Dimas reloaded with trembling hands, but he never got the chance to fire. Agosto waved a hand—and the twin pistols were sliced as if made of paper. Dimas crumpled, his upper body collapsing in a spray of blood.
Only Kalawit remained, his Dugong Itim trembling, its dark crimson aura flickering. Agosto advanced, leveling his gaze at him, his voice as cold as ice:
“Provide the information I require—free of charge—or I will reduce you to a million fragments.”
Silence enveloped the space. Kalawit stared, fear concealed behind his shades, as fate sealed its verdict.
”I will not beg,” Kalawit whispered, his defiance a fragile shield.
With a silent command, Agosto’s will reshaped the fractured air, pulling Kalawit into the Hellish Dimension of Kampilan ni Lam-ang. Kalawit’s sophisticated armor melted from his body, his flesh screaming as it was seared by the perpetual heat, his every nerve ending alight with unbearable agony. He fell to his knees, his spirit flaring in a silent, agonizing roar. “The Coron Temple… in Davao… Lakapati,” he choked out, his words torn from him, each syllable an excruciating effort.

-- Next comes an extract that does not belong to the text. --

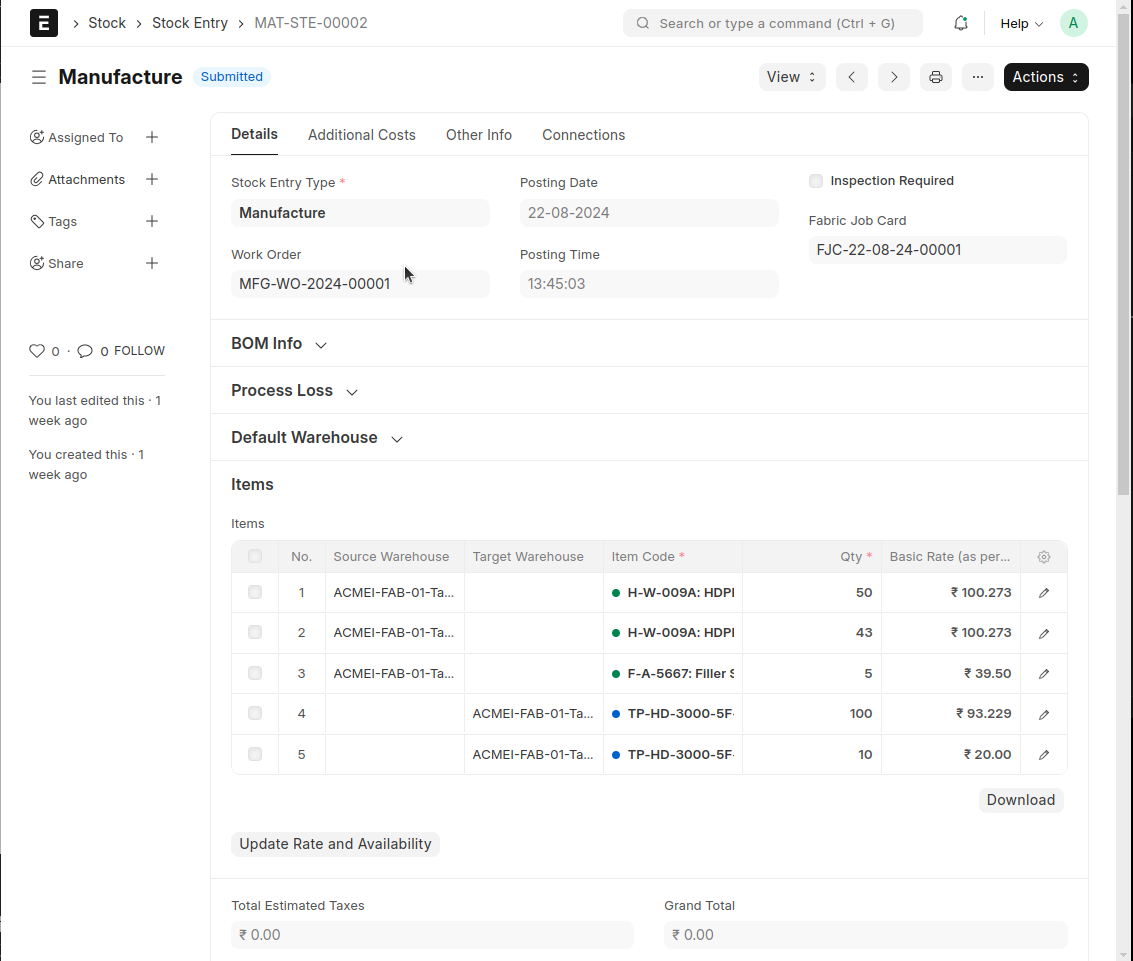 Additional Cost = Source Item Total Weight(Kg) × Workstation Cost AdditionaL Cost=Source Item Total Weight (Kg)×Workstation Cost Enter the calculated additional cost into the Additional Cost field based on the selected workstation.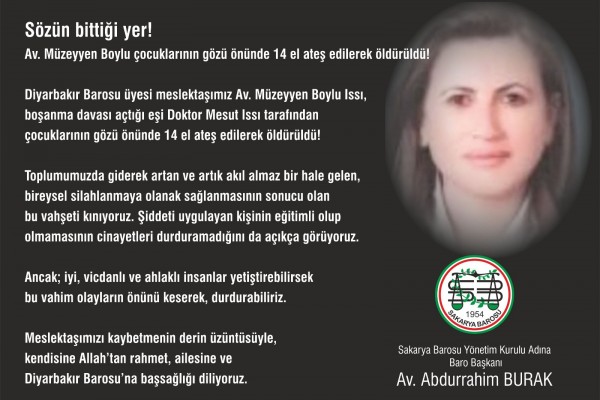 Diyarbakır Barosu üyesi meslektaşımız Av. Müzeyyen Boylu Issı, boşanma davası açtığı eşi Doktor Mesut Issı tarafından çocuklarının gözü önünde 14 el ateş edilerek öldürüldü!

Agosto stood unharmed, a ghost in the inferno, his voice cutting through the wails of pain. “The eyes… of Bathala… they’re the keys,” Kalawit gasped, his vision blurring from the torment, his defiance crumbling. Agosto watched, his face impassive, as the information was finally given. With the two vital locations secured, Agosto turned away from the kneeling figure, his form fading from the hellscape.
Kalawit was left to writhe in the fiery abyss, his spirit a testament to the punishment of a vengeful god, a new permanent resident in the dimension of pain. He would remain in the Hellish Dimension of Kampilan ni Lam-ang until the end of time, forgotten and alone.